Search code examples
postgresqldateoverlapdate-rangecoalesce

Coalescing date ranges in postgres to eliminate overlaps


If I have a postgres table a:

  member |    start   |    end
---------+------------+------------
    1    | 2015-01-01 | 2015-05-01
---------+------------+------------
    1    | 2015-03-01 | 2015-06-01
---------+------------+------------
    2    | 2015-01-01 | 2015-05-01
---------+------------+------------
    2    | 2015-06-01 | 2015-08-01

How would I coalesce dates to eliminate overlapping ranges like this:

  member |    start   |    end
---------+------------+------------
    1    | 2015-01-01 | 2015-06-01
---------+------------+------------
    2    | 2015-01-01 | 2015-05-01
---------+------------+------------
    2    | 2015-06-01 | 2015-08-01

Solution

  • In the chop CTE original ranges are "chopped" into smaller, non-intersecting (but possibly adjacent) ranges. They are constructed from all the end points of the original ranges, both start and finish.

    Main select works as follows (read it from the inside out):

    1. Adjacent flag for a range is zero when it adjoins the previous range (assuming that ranges are ordered by their start dates).
    2. A cumulative sum of adjacent flags gives us a grouping value: all the adjacent ranges will have the same sum.
    3. Outermost block simply calculates the bounding values for the adjacent groups of ranges.

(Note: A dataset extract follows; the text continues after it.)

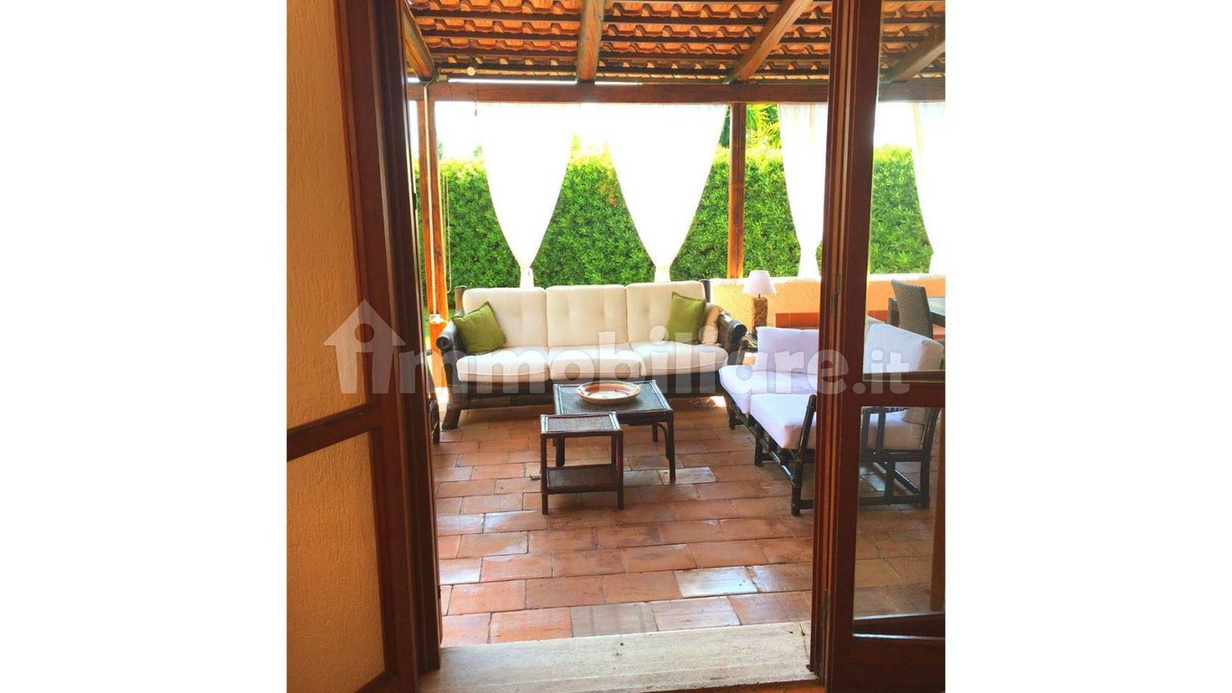 Villa with large garden, sets inside a small private complex, with lido and free beach directly in front of the gate. The property is about 125 square meters and has a large living room, kitchen, three bedrooms and two bathrooms. It also has a well-kept garden of about 500 square meters and a comfortable porch with sofas, armchairs and table with chairs. Another porch is located in front of the kitchen, with table and chairs. There are also 2 extra spaces outside that can be used as storage ro...

    Black magic of window functions...

    with chop as (
      select member,
             pt as start,
             lead(pt) over (partition by member order by pt) finish,
             (
               select count(*)
               from   a
               where  b.member = a.member
               and    b.pt >= a.start
               and    b.pt < a.finish
             ) need_it
      from   (
               select member, start pt from a
               union
               select member, finish pt from a
             ) b
    )
    -- 3
    select member,
           min(start),
           max(finish)
    from   (
             -- 2
             select member,
                    start,
                    finish,
                    sum(adjacent) over (partition by member order by start) grp
             from   (
                      -- 1
                      select member,
                             start,
                             finish,
                             case
                               when start <= lag(finish) over (partition by member order by start)
                               then 0
                               else 1
                             end adjacent
                      from   chop
                      where  need_it > 0
                    ) t
           ) q
    group by member,
             grp
    order by member,
             min(start);
    

    I renamed end to finish because end is a keyword.